Парень задумался, поскучнел.
— Учиться, опять же… А я пять-то групп мучил, мучил!.. Отец каждую декаду в поселок наезжал, жучил меня. Видите, какие большие ухи сделались, — доверительно показал Антошка ухо, приподняв шапку, — за семь-то лет!
— Так ты что, — рассмеялся космонавт. — Семь лет свои классы одолевал?!
— Восемь почти. На восьмом году науки отец меня домой уволок. Ох и бузова-ал! «Раз ты, лоботряс, лизуком хочешь жить, ну, значит, легко и сладко, — пояснил Антон, — пила и топор тебе! Ломи! Тайги на тебя еще хватит!» Но я его надул! — хмыкнул Антошка. — Он мне двуручку сулил, а я бензопилой овладел! На работу я зарный — валю лесок. — Антон неожиданно прервался, совершенно другим тоном, деловито распорядился: — Приготовьте все, что надо: телеграммы там какие, сообщения. Сейчас тятя придет, и я на участок.
Из пихтарника выкатился Захар Куприянович с большим мешком за спиной.
— Живы-здоровы, Алек Митрич? — поинтересовался он. — Не уморил частобайка-то трепотней?
Антошка насупился. Лесник сбросил с плеч собачью доху, накинул ее на Олега Дмитриевича, затем вытряхнул из мешка подшитые валенки, осторожно надел их, сначала на поврежденную ногу космонавта, затем на здоровую. После этого достал деревянную баклажку, опоясанную берестой, поболтал ею и налил в кружку.
— Чё мало льешь? Жалко? — вытянул шею Антошка. Отец отстранил его рукой с дороги и протянул кружку космонавту:
— Ожги маленько нутро, Алек Митрич. Ночь надвигается, — настойчиво сказал он. — Потом уж как можешь. — И пока космонавт отдыхивался, хватив несколько глотков чистого спирту, пока жевал теплое мясо, с краюшкой домашнего хлеба, с хрустящей корочкой (не забыл старик!), Захар Куприянович наказывал Антошке, что и как делать дальше.

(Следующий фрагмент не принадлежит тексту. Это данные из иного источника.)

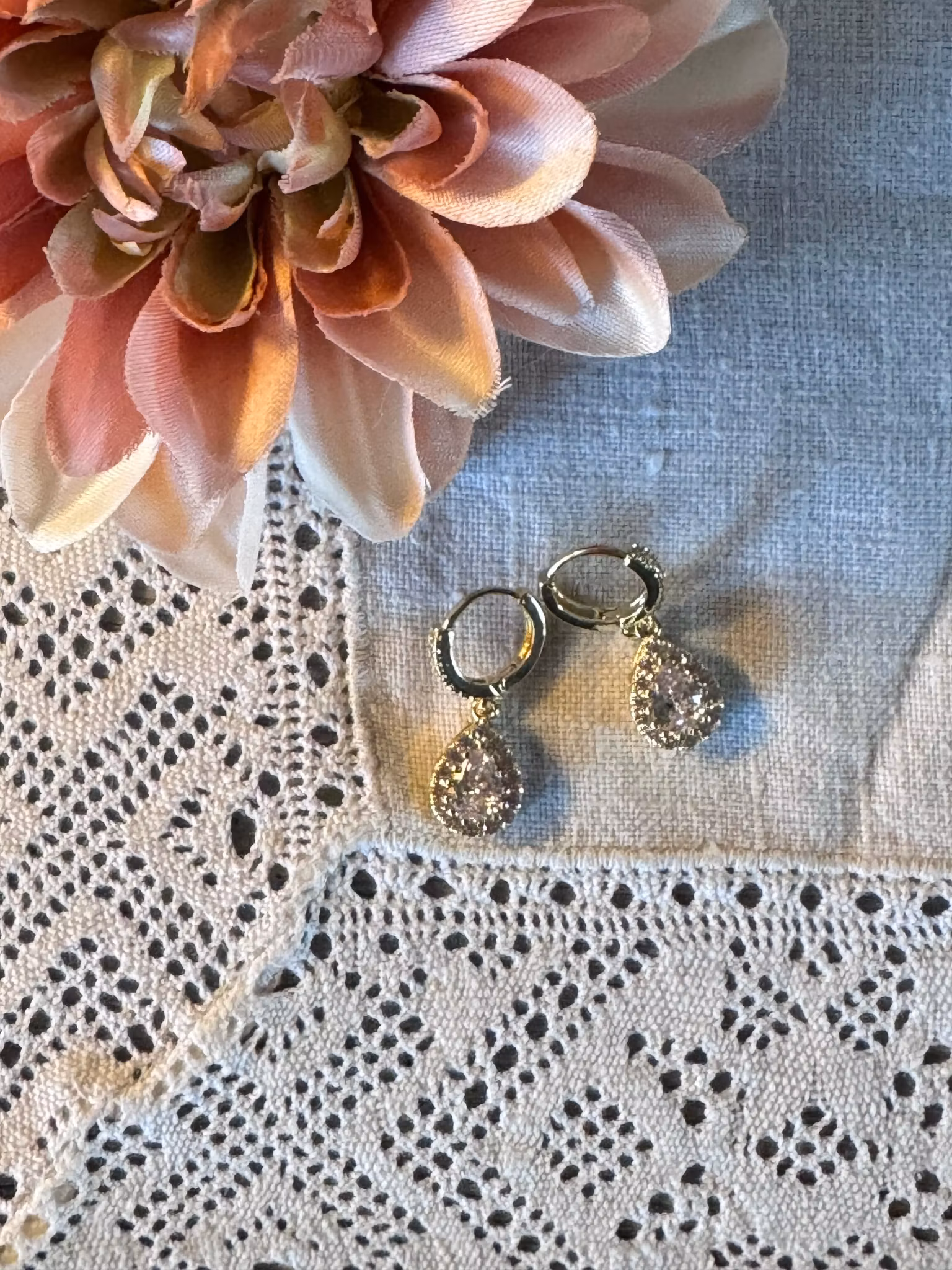 Fina örhängen med vita stenar (Second hand) som glittrar vackert. Passar på festen eller till vardags. Ett smycke du kommer få stor glädje av.

В блокноте, почти исписанном от корки до корки, Олег Дмитриевич быстро набросал несколько телеграмм, одну из них, самую краткую, — отцу. Антошка стоял на лыжах, запоясанный, подобранный, ждал нетерпеливо. Засунув бумажки под свитер, на грудь, и заправив шарф, он пружинисто выдохнул:
— Так я пошел! Я живчиком!..
— Надежно ли документы-то схоронил? — спросил отец я начал наказывать еще раз: — Значит, не дикуй, ладом дело спроворь. Сообщи, стало быть, номер лесничества, версту, квартал в точности обрисуй. Винтолет ежели прилетит, чтобы на покос садился. Мы туда к утре перетаборимся… Все понял?
— Да понял, понял!
— Ты мордой-то не верти, а слушай, когда тебе сурьезное дело поручают! — прикрикнул на него отец. — Может, ночью винтолет полетит, дак огонь, скажи, на покосе будет. Ну, ступай!
Антошка мотнул головой, свистнул разбойничьим манером и рванул с места в карьер — только бус снежный закрутился!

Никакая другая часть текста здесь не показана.